Assessments of the quality of research-doctorate programs and their faculty are rooted in the desire of programs to improve quality through comparisons with other similar programs. Such comparisons assist them to achieve more effectively their ultimate objective—to serve society through the education of students and the production of research. Accompanying this desire to improve is a complementary goal to enhance the effectiveness of doctoral education and, more recently, to provide objective information that would assist potential students and their advisors in comparing programs. The first two goals emerged as graduate education began to grow before World War II and as higher education in the United States was transformed from a predominantly elite enterprise to the widespread and diverse enterprise that it is today. The final goal became especially prominent during the past two decades as doctoral training expanded beyond training for the professoriate.

As we begin a study of methodology for the next assessment of research-doctorate programs, we have stepped back to ask some fundamental questions: Why are we doing these rankings? Whom do they serve? How can we improve them? This introduction will also serve to provide a brief history of the assessment of doctoral programs and report on more recent movements to improve doctoral education.

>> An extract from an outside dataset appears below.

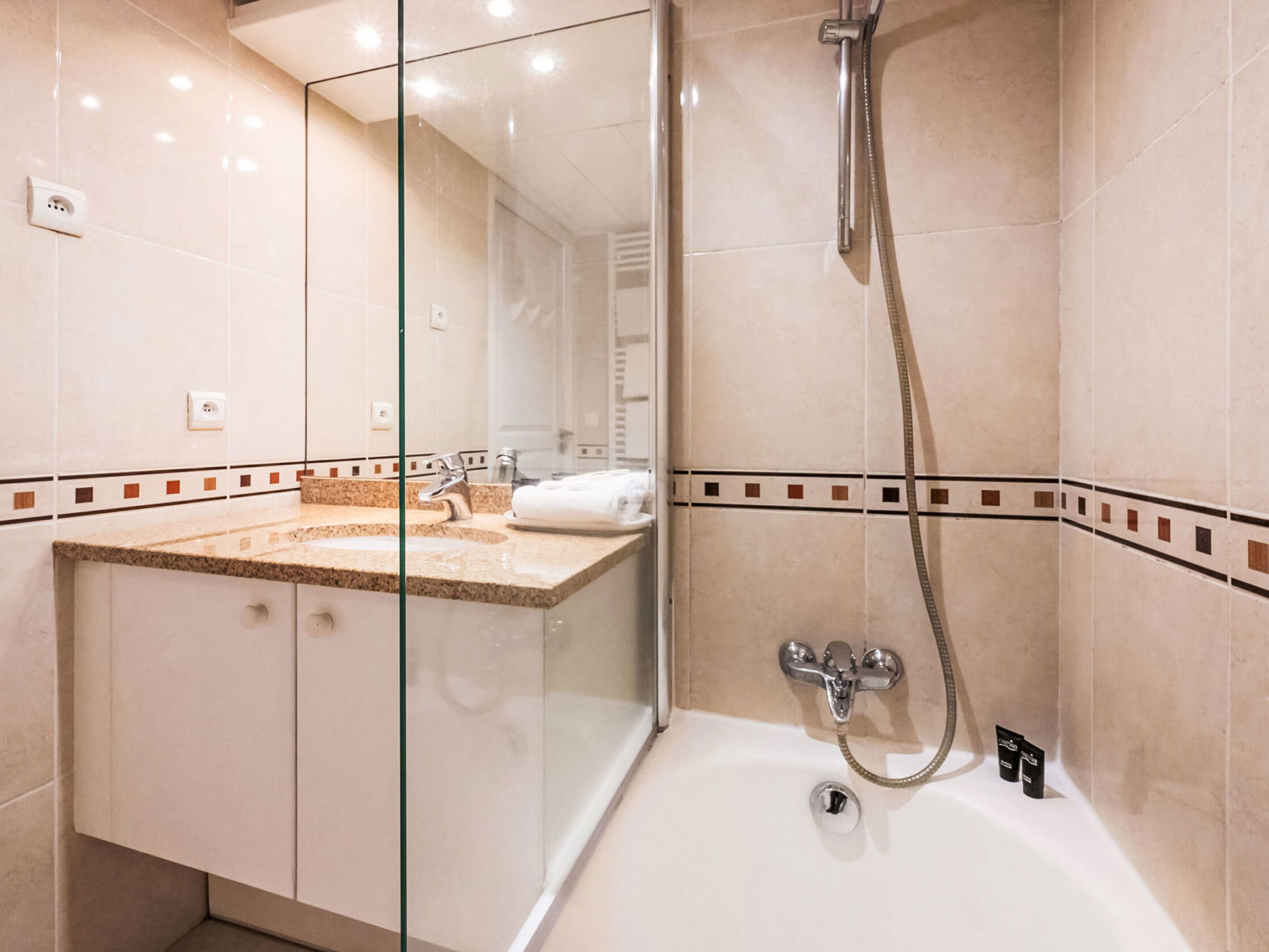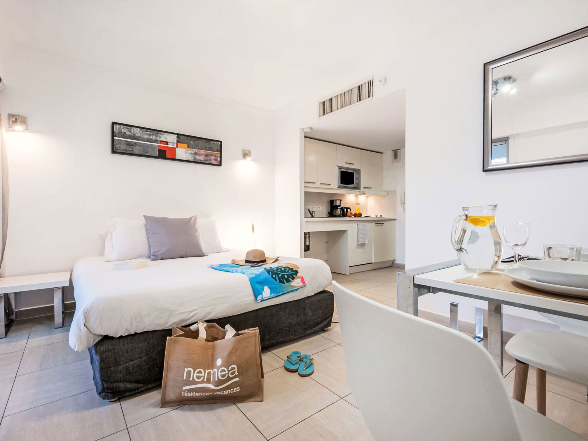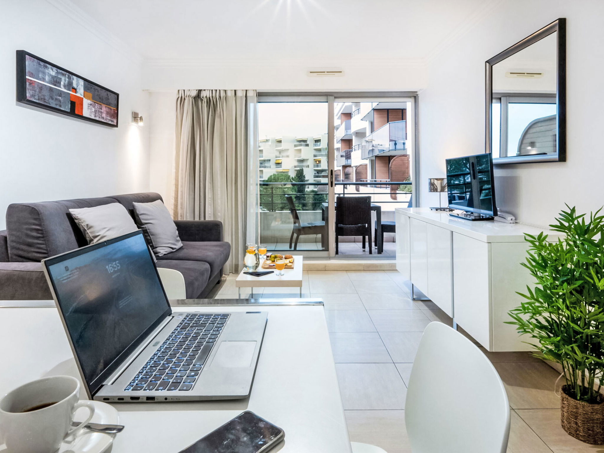 "Le Lido", 1-room apartment 28 m2. Bright, modern furnishings: living/sleeping room with 1 french bed (160 cm), dining table and TV. Kitchenette (dishwasher, 2 ceramic glass hob hotplates, toaster, kettle, microwave, electric coffee machine). Bath/WC. Heating, air-conditioning. Balcony or terrace. Terrace furniture, balcony furniture. Facilities: Internet (WiFi, extra). Please note: non-smokers only. Maximum 1 pet/ dog allowed. Smoke alarm, fire extinguisher. The property is one of a type of property or apartment.

The assessment of doctorate programs in the United States has a history of at least 75 years. Its origins may date to 1925, a year in which 1,206 Ph.D. degrees were granted by 61 doctoral institutions in the United States. About two-thirds of these degrees were in the sciences, including the social sciences, and most of the remaining third were in the humanities. Yet, Raymond M.Hughes, president of Miami University of Ohio and president of the Association of American Colleges, said in his 1925 annual report:

At the present time every college president in the country is spending a large portion of his time in seeking men to fill vacancies on the staff of his institution, and every man [president] is confronted with the question of where he can hope to get the best prepared man of the particular type he desires.1

Hughes conducted a study of 20 to 60 faculty members in each field and asked them to rank about 38 institutions according to “esteem at the present time for graduate work in your subject.”

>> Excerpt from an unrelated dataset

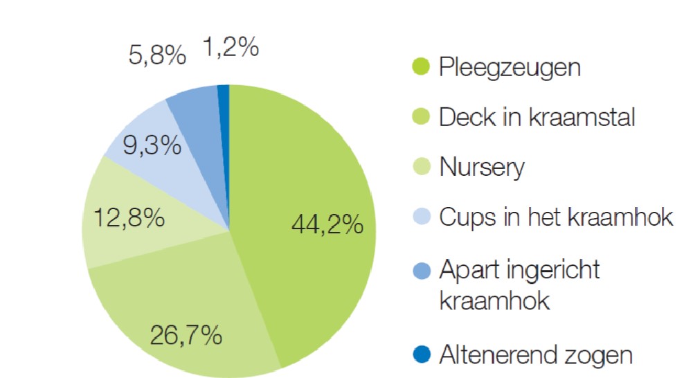 Langzaam maar zeker komen er steeds meer bedrijven die investeren in het cupsysteem in de kraamstal. Uit twee enquêtes die stagiaires eind 2014 voor ons gehouden hebben blijkt dat, van de 96 bedrijven die hebben deelgenomen aan de enquêtes, 9,3 procent werkt met het cupsysteem in de kraamstal. Zie het taartdiagram voor de verdeling in de alternatieven opfoksystemen die door deze 96 bedrijven toegepast worden.

Graduate education continued to expand, and from time to time, reputational studies of graduate programs were carried out. These studies limited themselves to “the best” programs and, increasingly, those programs that were excluded complained about sampling bias.

In the 1960s, Allan Cartter, vice president of the American Council on Education, pioneered the modern approach for assessing reputation, which was used in the 1982 and 1993 NRC assessments. He sought to include all major universities and, instead of asking raters about the “esteem” in which graduate programs were held, he asked for qualitative judgments of three kinds: 1) the quality of the graduate faculty, 2) the effectiveness of the doctoral program, and 3) the expected change in relative position of a program in the next 5 to 10 years.2 In 1966, when Cartter's first study appeared, slightly over 19,000 Ph.D.s were being produced annually in over 150 institutions.

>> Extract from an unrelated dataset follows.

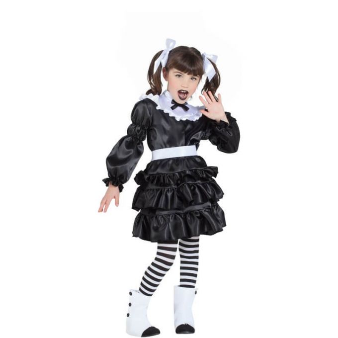 Disfraz de Lolita Gótica para niña. Incluye vestido, cinturón, medias, cubrebotas y lazos para el pelo. No incluye calzado. Perfecto en fiestas de terror como Halloween.

Ten years later, following a replication of the Cartter study by Roose and Anderson in 1970, another look at the methodology to assess doctoral programs was undertaken under the auspices of the Conference Board of Associated Research Councils.3 A conference on assessing doctoral programs concluded that raters should be given the names of faculty in departments they rate and that “objective measures” of the characteristics of programs should be collected in addition to the reputational measures. These recommendations were followed in the 1982 assessment that was conducted by the National Research Council (NRC).4 By this time, over 31,000 doctorates were being produced by over 300 institutions, of which 228 participated in the NRC study.

The most recent NRC assessment of doctorates, conducted in 1993 and published in 1995, was even more comprehensive. The 1995 Study design tried to maintain continuity with the 1982 measures, but it added and refined quantitative measures. With the help of citation and publication data gathered by the Institute for Scientific Information (ISI), it expanded the measures of publications and citations. It also included measures of awards and honors for the humanities. It covered 41 fields in 274 institutions, and data were presented for 3,634 doctoral programs.

This expansion, however, did not produce a non-controversial set of rankings. It is widely asserted that “halo” effects give high rankings to programs on the basis of recognizable names—star faculty—without considering average program quality. Similarly, there is evidence to support the contention that programs within well-known, larger universities may have been rated higher than equivalent programs in lesser-known, smaller institutions. It is further argued that the reputational rankings favor already prestigious departments, which may be, to put it gently, “past their prime,” while de-emphasizing striving programs that are investing in achieving excellence. Another criticism involves the inability of the study to recognize the excellence of “niche” and smaller programs. It is also asserted that, although reputational measures seek to address scholarly achievement as something separate from educational effectiveness, they do not succeed. The high correlation between these two measures supports this assertion.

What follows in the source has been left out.